### [Data shown]
__________________________________________________

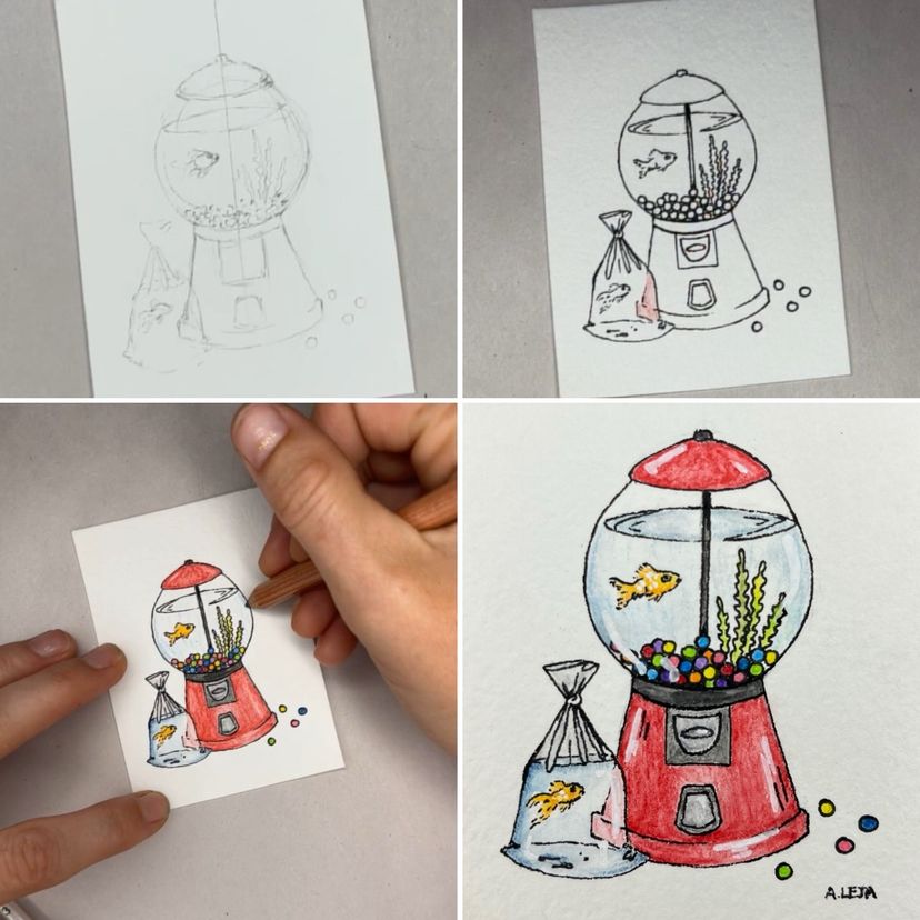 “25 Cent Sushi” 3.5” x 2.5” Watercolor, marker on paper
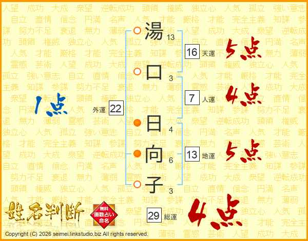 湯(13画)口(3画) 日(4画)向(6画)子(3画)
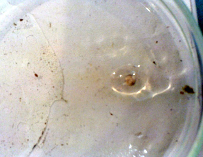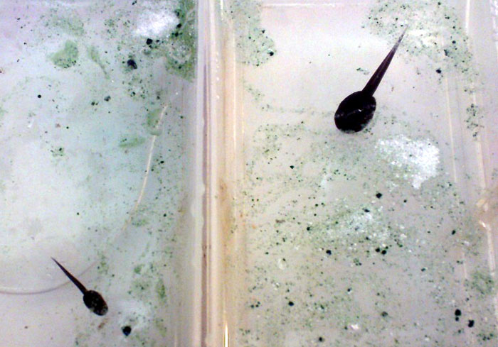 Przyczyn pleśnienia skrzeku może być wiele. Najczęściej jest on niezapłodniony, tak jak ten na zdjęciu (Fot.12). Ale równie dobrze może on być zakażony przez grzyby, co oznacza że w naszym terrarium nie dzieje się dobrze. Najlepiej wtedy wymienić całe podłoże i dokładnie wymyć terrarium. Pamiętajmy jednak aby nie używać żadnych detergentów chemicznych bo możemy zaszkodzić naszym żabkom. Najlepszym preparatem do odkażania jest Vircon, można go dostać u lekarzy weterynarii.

__________________________________________________

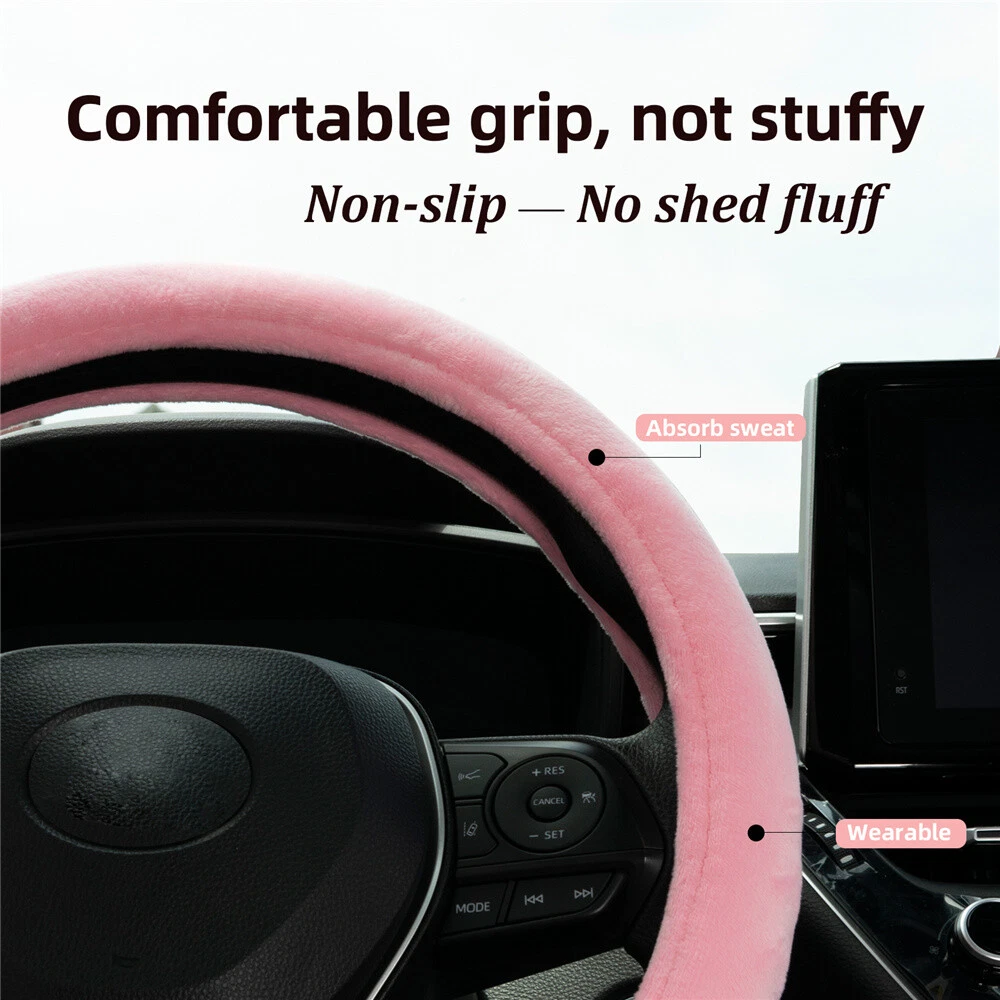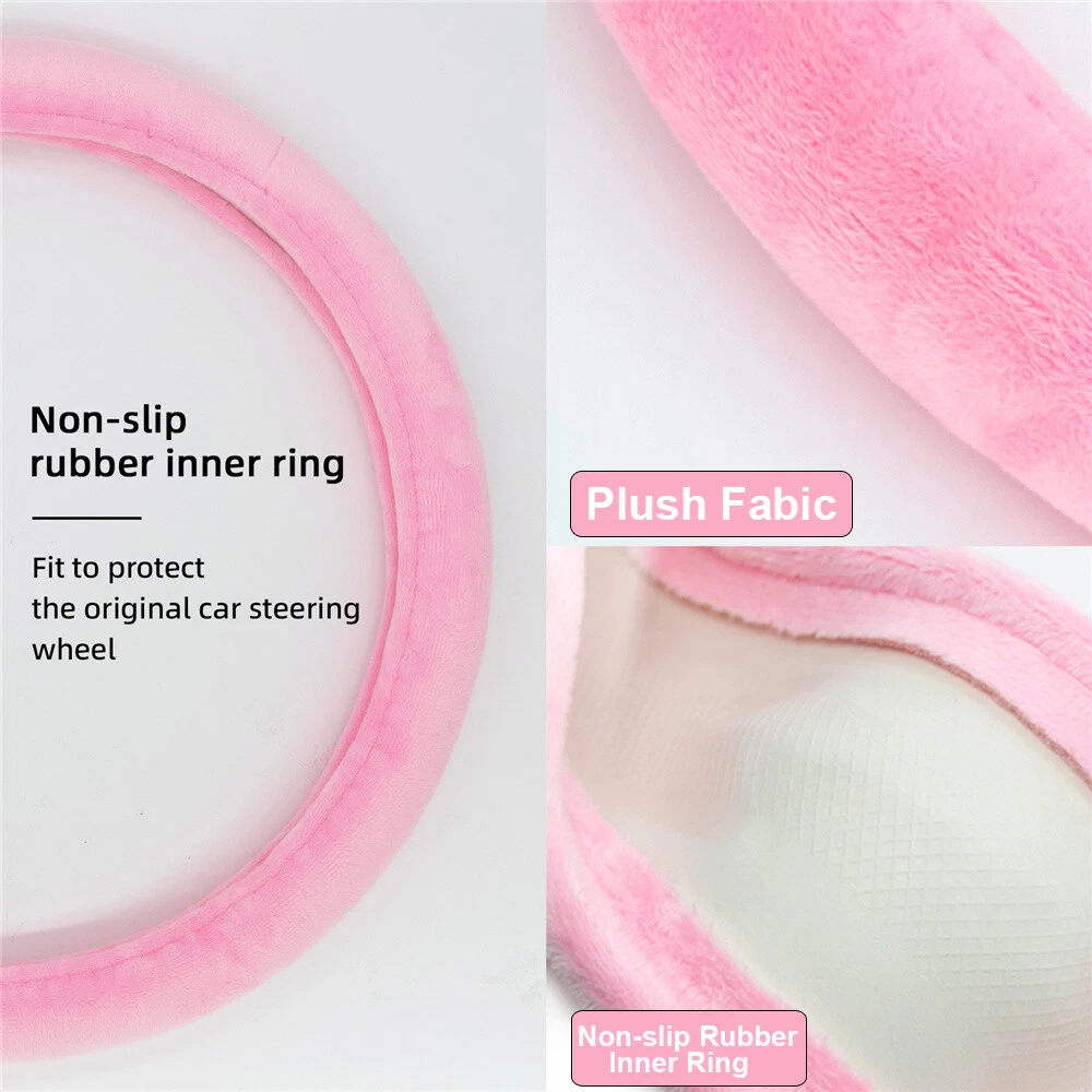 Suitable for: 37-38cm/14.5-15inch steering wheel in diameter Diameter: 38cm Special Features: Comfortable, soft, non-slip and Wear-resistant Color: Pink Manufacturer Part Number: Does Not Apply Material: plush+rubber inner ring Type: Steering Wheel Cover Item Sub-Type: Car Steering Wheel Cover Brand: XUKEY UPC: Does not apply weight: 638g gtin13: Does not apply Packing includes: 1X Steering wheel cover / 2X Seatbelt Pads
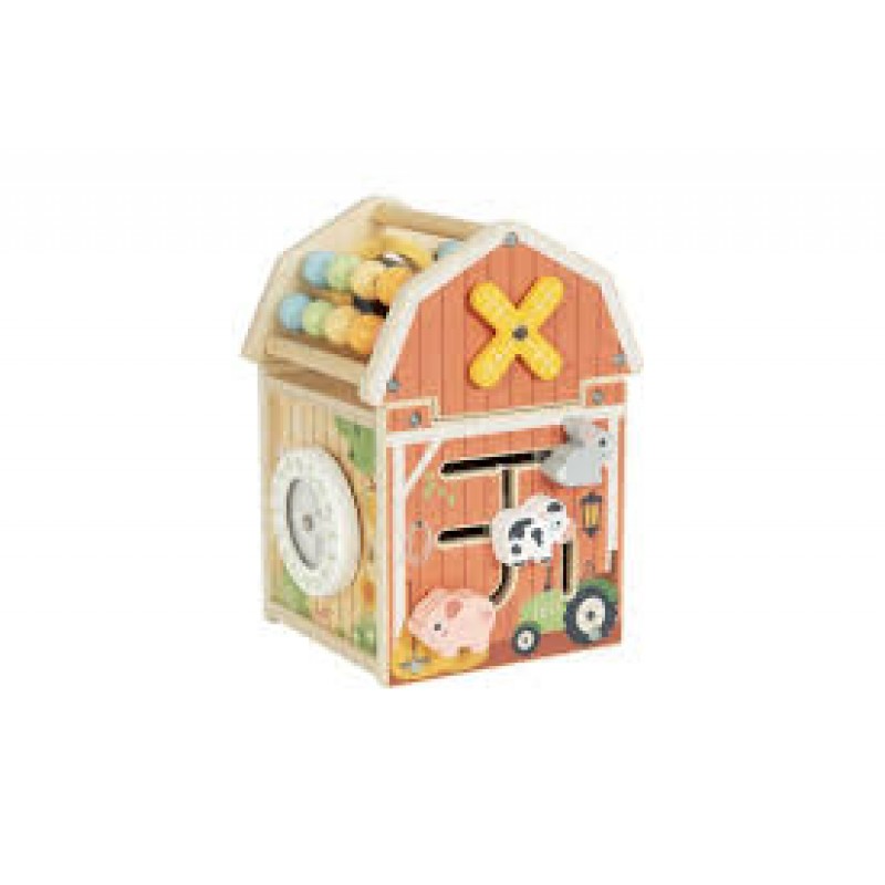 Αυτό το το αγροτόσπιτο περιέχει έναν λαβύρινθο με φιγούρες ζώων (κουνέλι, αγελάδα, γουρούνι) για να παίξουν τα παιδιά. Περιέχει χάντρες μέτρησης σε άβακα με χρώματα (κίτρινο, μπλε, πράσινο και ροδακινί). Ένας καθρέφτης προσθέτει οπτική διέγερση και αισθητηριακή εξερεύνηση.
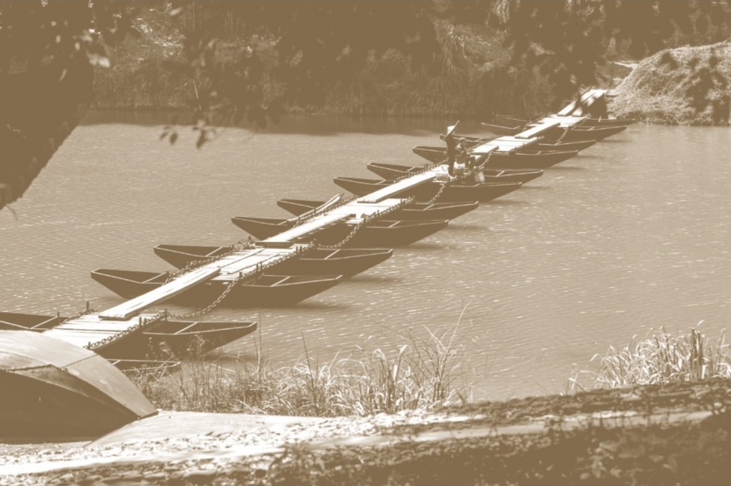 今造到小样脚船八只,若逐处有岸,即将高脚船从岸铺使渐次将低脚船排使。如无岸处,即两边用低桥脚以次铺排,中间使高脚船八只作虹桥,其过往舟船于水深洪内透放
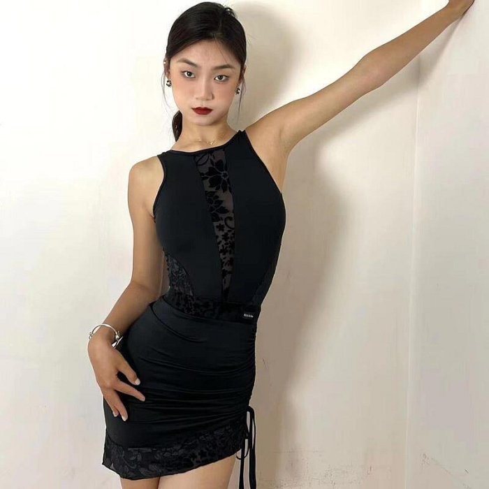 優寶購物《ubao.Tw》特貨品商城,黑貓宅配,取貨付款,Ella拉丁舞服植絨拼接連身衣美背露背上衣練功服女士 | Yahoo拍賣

__________________________________________________

### [Instructions to follow]
Every line above between the one containing "marker on paper" and the one containing "Przyczyn pleśnienia skrzeku", those two included, is to be printed exactly. No pictures go into the copy.

### [Problem solution]
 “25 Cent Sushi” 3.5” x 2.5” Watercolor, marker on paper
 湯(13画)口(3画) 日(4画)向(6画)子(3画)
 Przyczyn pleśnienia skrzeku może być wiele. Najczęściej jest on niezapłodniony, tak jak ten na zdjęciu (Fot.12). Ale równie dobrze może on być zakażony przez grzyby, co oznacza że w naszym terrarium nie dzieje się dobrze. Najlepiej wtedy wymienić całe podłoże i dokładnie wymyć terrarium. Pamiętajmy jednak aby nie używać żadnych detergentów chemicznych bo możemy zaszkodzić naszym żabkom. Najlepszym preparatem do odkażania jest Vircon, można go dostać u lekarzy weterynarii.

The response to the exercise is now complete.